Bases: sage.graphs.digraph.DiGraph
The Hasse diagram of a poset. This is just a transitively-reduced, directed, acyclic graph without loops or multiple edges.
Note
We assume that range(n) is a linear extension of the poset.
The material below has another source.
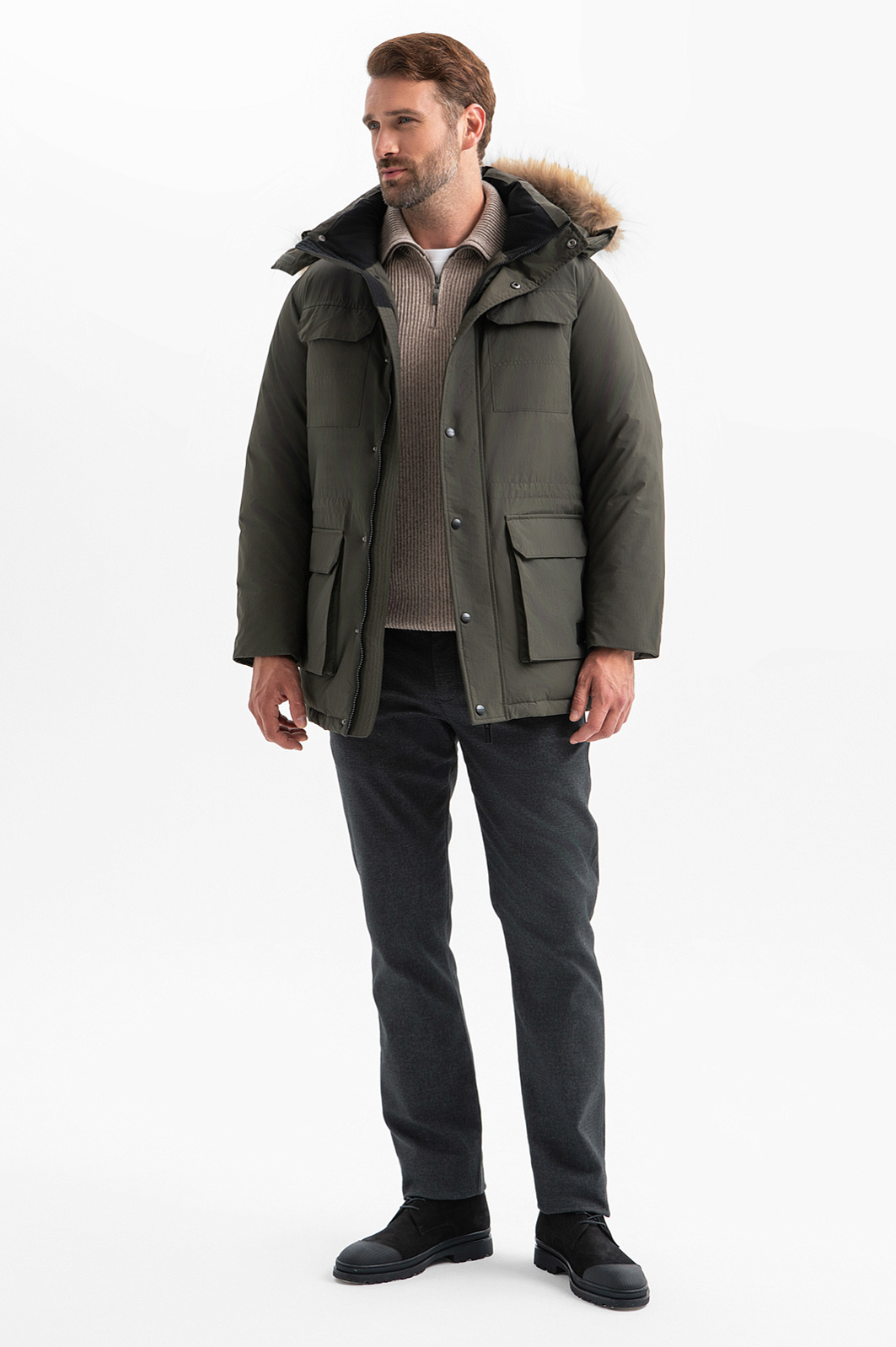 Теплая куртка-аляска KANZLER оттенка хаки с капюшоном, отделанным мехом енота, позволяет наслаждаться прогулками на свежем воздухе при температуре до -30℃. Модель дополнена функциональными деталями: большие карманы с клапанами, съемный капюшон с ремешком, кулиска на линии талии для регулирования прилегания, широкая планка с кнопками, прикрывающая застежку-молнию. Это удобная многофункциональная модель, которая сочетается с формальной одеждой и вещами в стилях кежуал и спорт. Внешний слой состоит из прочнейшего полиамида с водоотталкивающей обработкой. Под ним — практичный утепляющий слой из полиэстера. Параметры модели: рост 189, 102-80-99 Размер на модели: 50

That is, range(n) is the vertex set and a topological sort of the digraph.
This should not be called directly, use Poset instead; all type checking happens there.
EXAMPLES:
sage: from sage.combinat.posets.hasse_diagram import HasseDiagram
sage: H = HasseDiagram({0:[1,2],1:[3],2:[3],3:[]}); H
Hasse diagram of a poset containing 4 elements
sage: TestSuite(H).run()
Returns all antichains of self, organized as a prefix tree
INPUT:
- element_class – (default:list) an iterable type
EXAMPLES:
sage: P = posets.PentagonPoset()
sage: H = P._hasse_diagram
sage: A = H.antichains()
sage: list(A)
[[], [0], [1], [1, 2], [1, 3], [2], [3], [4]]
sage: A.cardinality()
8
sage: [1,3] in A
True
sage: [1,4] in A
False
TESTS:
sage: TestSuite(A).run(skip = "_test_pickling")
Note
It’s actually the pickling of the cached method coxeter_transformation() that fails ...
TESTS:
sage: A = Poset()._hasse_diagram.antichains()
sage: list(A)
[[]]
sage: TestSuite(A).run()
Return an iterator over the antichains of the poset.
Note
The algorithm is based on Freese-Jezek-Nation p. 226. It does a depth first search through the set of all antichains organized in a prefix tree.
EXAMPLES:
sage: P = posets.PentagonPoset()
sage: H = P._hasse_diagram
sage: H.antichains_iterator()
<generator object antichains_iterator at ...>
sage: list(H.antichains_iterator())
[[], [4], [3], [2], [1], [1, 3], [1, 2], [0]]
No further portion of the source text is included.